Dataset content Block Start
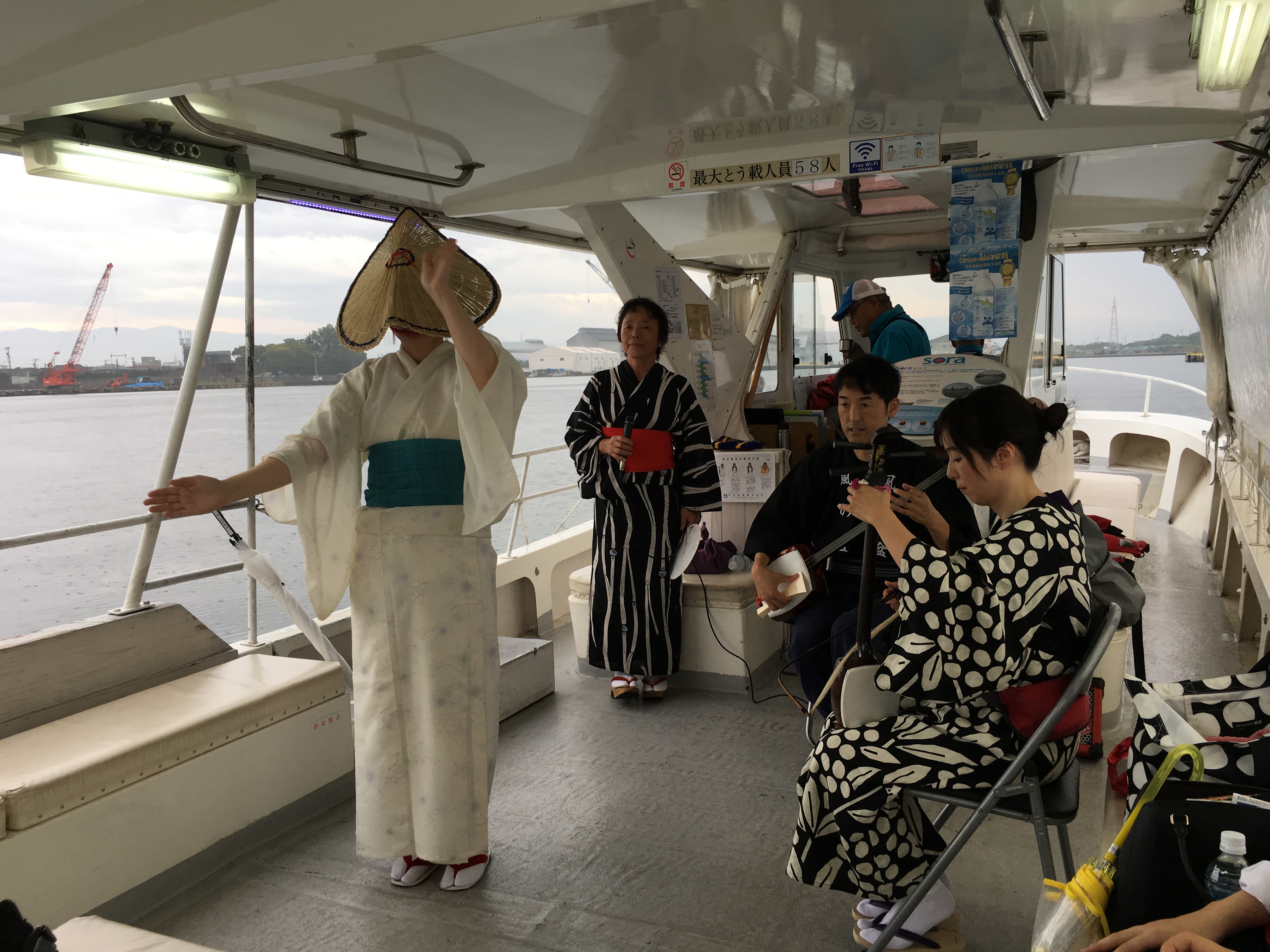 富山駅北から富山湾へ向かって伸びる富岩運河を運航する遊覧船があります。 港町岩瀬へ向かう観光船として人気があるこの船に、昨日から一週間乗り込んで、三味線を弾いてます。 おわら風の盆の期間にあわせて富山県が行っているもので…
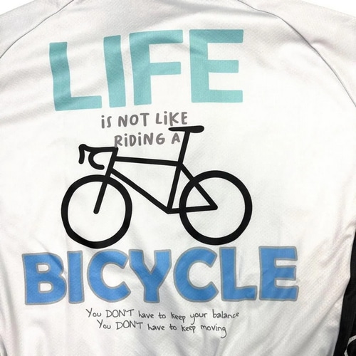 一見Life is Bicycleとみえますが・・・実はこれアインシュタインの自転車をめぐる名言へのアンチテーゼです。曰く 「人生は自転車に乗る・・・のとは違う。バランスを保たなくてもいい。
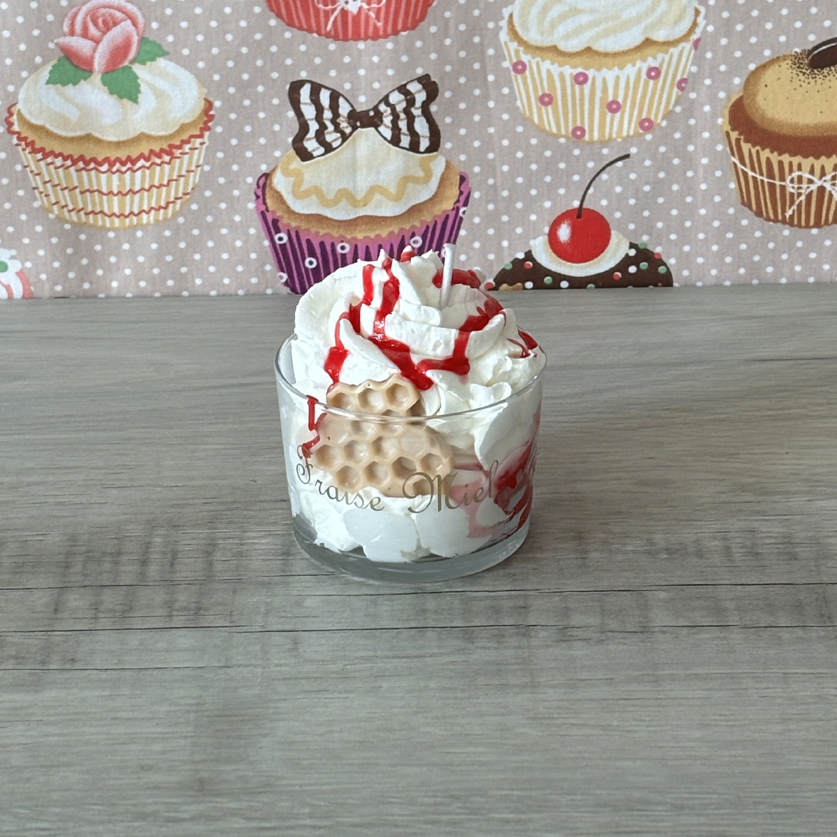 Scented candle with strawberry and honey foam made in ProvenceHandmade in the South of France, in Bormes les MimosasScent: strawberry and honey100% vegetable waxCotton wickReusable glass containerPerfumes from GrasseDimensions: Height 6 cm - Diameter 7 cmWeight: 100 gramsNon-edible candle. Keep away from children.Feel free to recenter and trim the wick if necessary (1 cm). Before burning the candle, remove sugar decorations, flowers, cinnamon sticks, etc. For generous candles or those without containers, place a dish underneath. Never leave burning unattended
Dataset content Block End
**Your task**
With all pictures left out, please transcribe exactly the lines from the start of the material through the line with "一見Life is Bicycleとみえますが・・・実はこれアインシュタインの自転車をめぐる名言へのアンチテーゼです。曰く".

**Answer**
 富山駅北から富山湾へ向かって伸びる富岩運河を運航する遊覧船があります。 港町岩瀬へ向かう観光船として人気があるこの船に、昨日から一週間乗り込んで、三味線を弾いてます。 おわら風の盆の期間にあわせて富山県が行っているもので…
 一見Life is Bicycleとみえますが・・・実はこれアインシュタインの自転車をめぐる名言へのアンチテーゼです。曰く 「人生は自転車に乗る・・・のとは違う。バランスを保たなくてもいい。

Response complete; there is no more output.